Parte Prima - Incontro Inatteso

Carissimo Danvan non so ancora come sdebitarmi per tutto il tempo che ho potuto trascorrere nella tua casa,» disse Damon mentre guardava ancora una volta la famiglia che l'aveva ospitato schierata fuori dalla sua dimora.
«Damon Kadarin, sono io che ti devo ringraziare: in questi mesi mi hai permesso di comprendere tante cose che prima mi erano misteriose e mi hai aiutato con i miei figli,» rispose Danvan.
«Ma figurati, è stato comunque interessante anche per me.»
«Ciao Damon, ciao: torna a trovarci.» dissero insieme Alaric e Cyrill.

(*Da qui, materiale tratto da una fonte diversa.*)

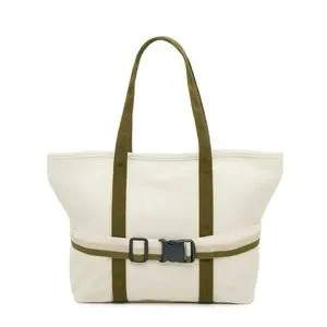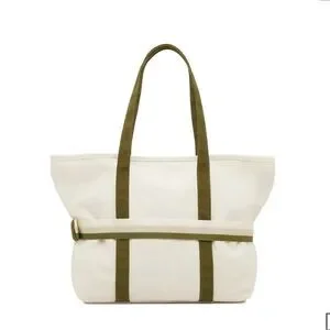 NEW Ivory/Green Canvas Tote With Travel Band
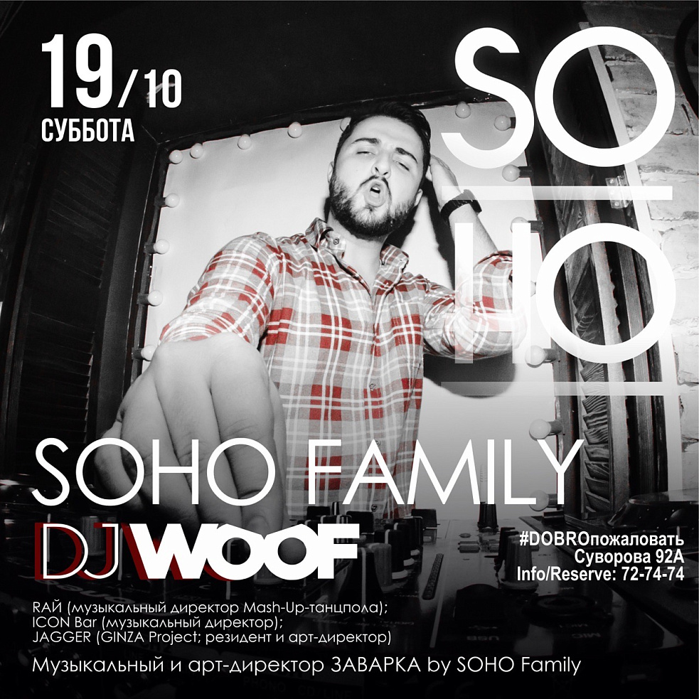 Уже в эту субботу, DJ WOOF подарит нам ночь, наполненную мелодичными ритмами ярких красок эйфории! 19октября, SOHO, Культурный Центр DOBRO!!!
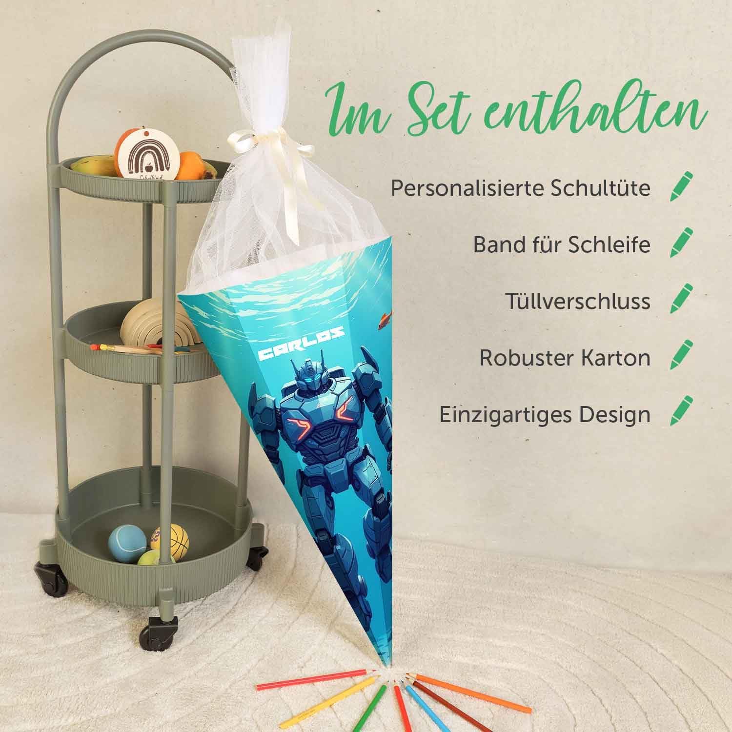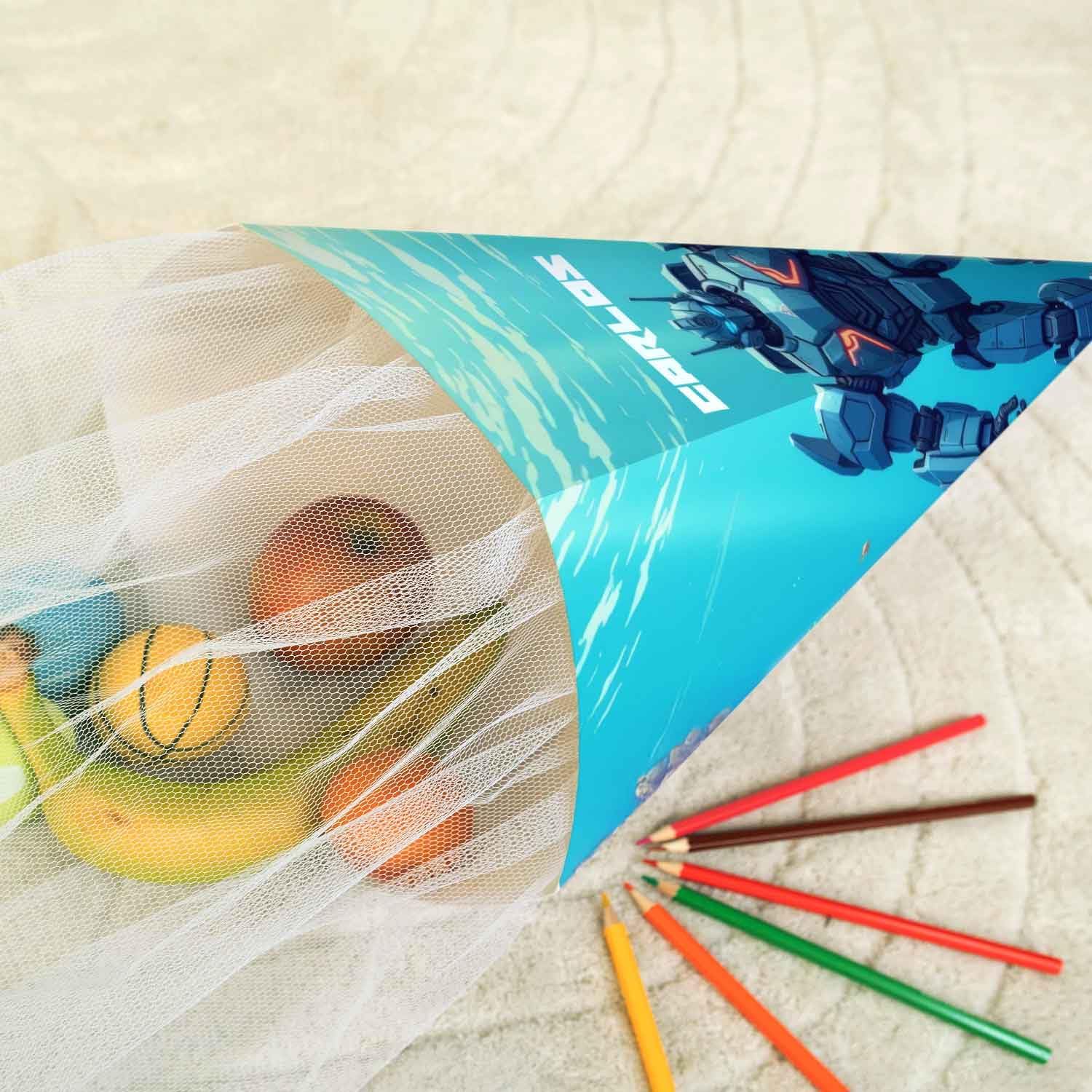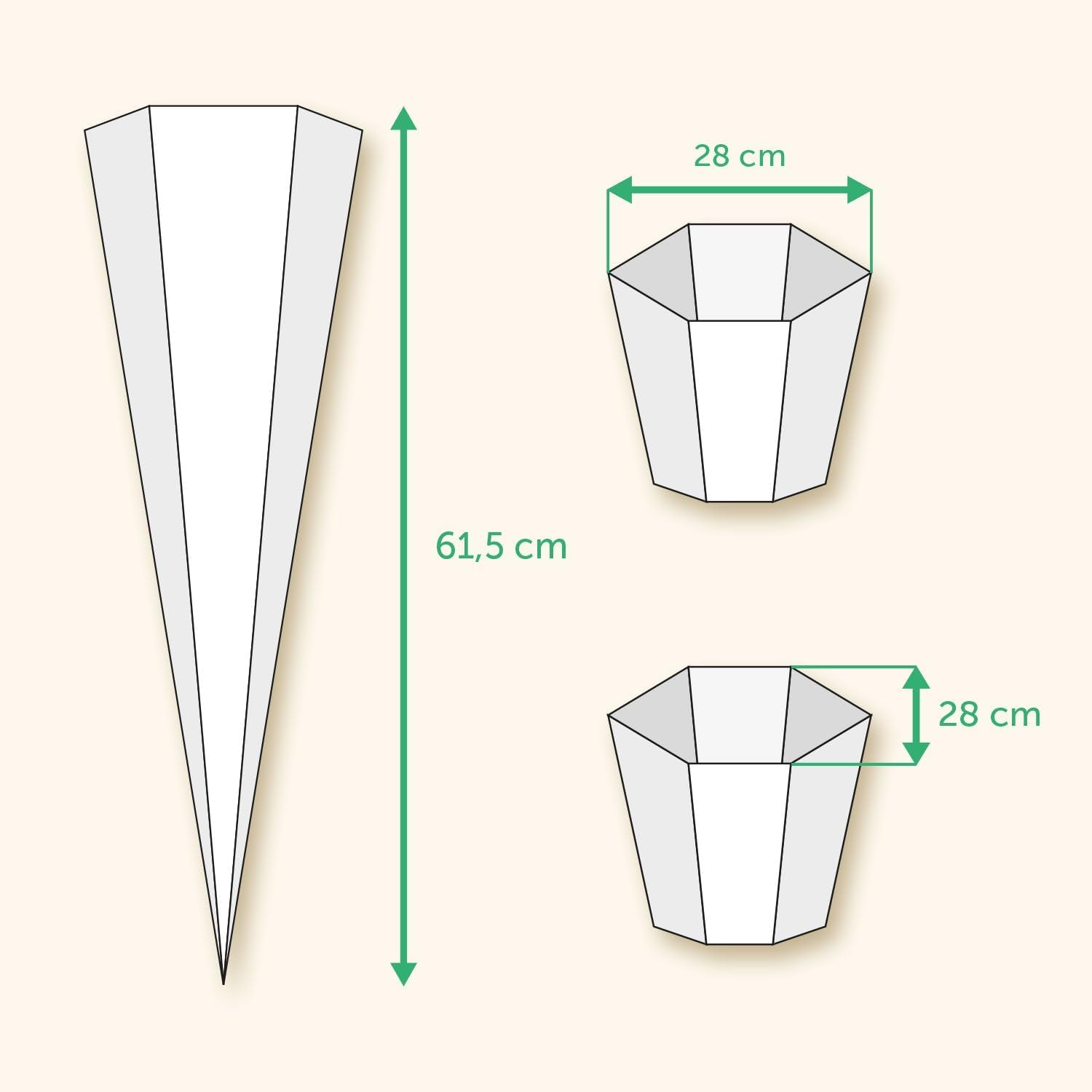 Stampa dai colori vivaci: l'inizio della scuola si avvicina sempre più e i nostri sacchetti personalizzati portano colore e fantasia nel primo giorno di scuola! Che si tratti di dinosauri, unicorni o colori neutri: nella nostra selezione di motivi c'è qualcosa per ogni principiante della scuola Personalizzato con il nome: ogni cono viene stampato individualmente e con il nome desiderato, creando così un ricordo unico e personale per l'inizio della scuola Pratico e adatto ai bambini: il cono per la scuola è robusto, piacevolmente leggero e grazie alla sua forma esagonale particolarmente facile da impugnare. La chiusura in tulle abbinata conferisce un aspetto festoso e mantiene il contenuto in modo sicuro Dimensioni: con una dimensione di circa 61 × 28 cm e una capacità di circa 2,8 litri, il sacchetto offre spazio sufficiente per piccoli regali o accessori scolastici. Realizzato in robusto cartone da 400 g/m², il sacchetto è robusto, ma allo stesso tempo piacevolmente leggero Servizio di qualità: ordinate oggi stesso e convincetevi della qualità di prima classe e della spedizione rapida. Se avete ancora domande sui nostri prodotti o una consegna non corrisponde alle vostre esigenze, siamo a vostra disposizione sia telefonicamente che via e-mail con consigli e fatti

«Un giorno tornerò, oppure un giorno sarete voi a venire a trovare me: solo gli dèi possono saperlo. Ma mi raccomando, ora mi promettete che farete i bravi e sarete ubbidienti con la mamma e il papà?»
«Certo!» dissero i piccoli abbassando un po' gli occhi.
«Domna Leonora: avervi incontrato è stato un piacere e spero di non avervi arrecato troppo disturbo.»
«No, Damon, come ha detto mio marito è stato bello avervi avuto ospite durante questo periodo,» rispose Leonora.
Damon si avvicinò al suo cavallo e vi montò sopra: «Arrivederci, amici, non vi dimenticherò!»
«Arrivederci!» fu la risposta corale.
I due bimbi urlarono come se fosse un momento eccitante per tutti. Damon nascose il dispiacere che stava provando nel lasciare quella famiglia così ospitale e si rese conto che i sentimenti erano reciproci, perché sentiva che anche Danvan e Leonora stavano soffrendo per questa separazione.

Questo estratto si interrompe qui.